This factsheet was last updated in May 2013.
What is ‘whistleblowing’?
Most people will have heard of 'whistleblowing' from the high-profile cases reported in the media. Following the recent economic crisis there have been numerous examples of whistleblowing in the financial and banking sector and many examples within the NHS and the area of social care. Put at its simplest, whistleblowing occurs when an employee or worker provides certain types of information, usually to the employer or a regulator, which has come to their attention through work. The disclosure may be about the alleged wrongful conduct of the employer, or about the conduct of a fellow employee, client, or any third party. The whistleblower is usually not directly, personally affected by the danger or illegality, although they may be. Whistleblowing is therefore ‘making a disclosure in the public interest’ and occurs when a worker raises a concern about danger or illegality that affects others, for example members of the public.
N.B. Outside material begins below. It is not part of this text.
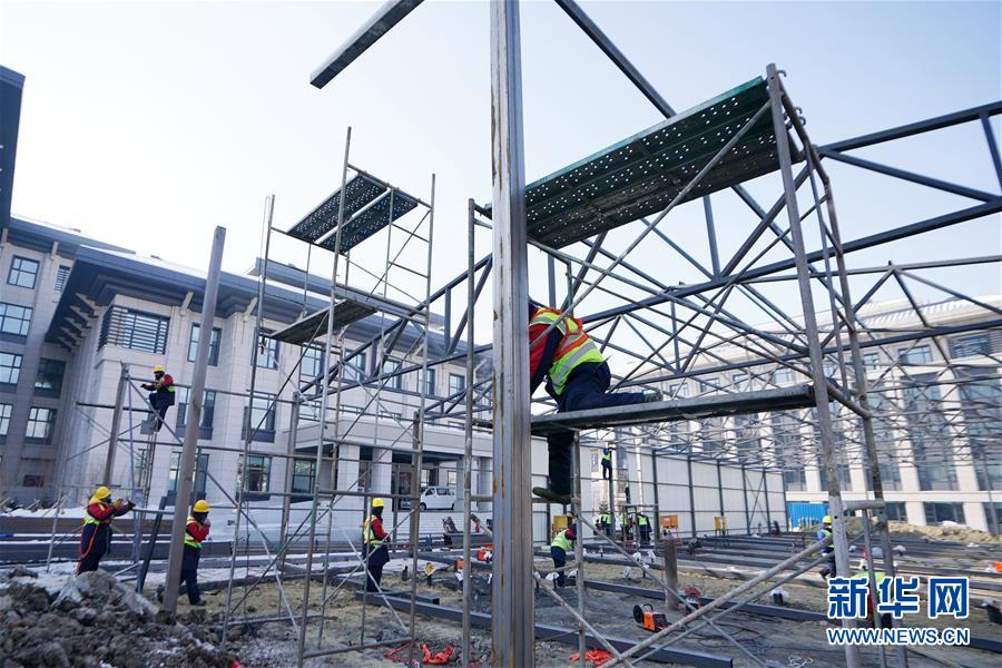 2月6日,工人在黑龙江省集中救治定点医院施工现场加紧施工。 当日,记者探访了正在改造施工中的黑龙江省新型冠状病毒感染的肺炎患者集中救治定点医院。从2月1日进场起,建设单位黑龙江省建工集团二建公司日均投入近200人,24小时不间断施工,并计划于15日交工。黑龙江省集中救治定点医院位于哈尔滨市平房区,为黑龙江省中医药大学附属第二医院哈南分院按符合甲类传染病救治标准改造,改造完成后,医院将从原来的500张床位增至1000张。 新华社记者王建威摄

Employees and workers who make a ‘protected disclosure’ are protected from being treated badly or being dismissed. The key piece of whistleblowing legislation is the Public Interest Disclosure Act 1998 (PIDA) which applies to almost all workers and employees who ordinarily work in Great Britain. The situations covered include criminal offences, risks to health and safety, failure to comply with a legal obligation, a miscarriage of justice and environmental damage.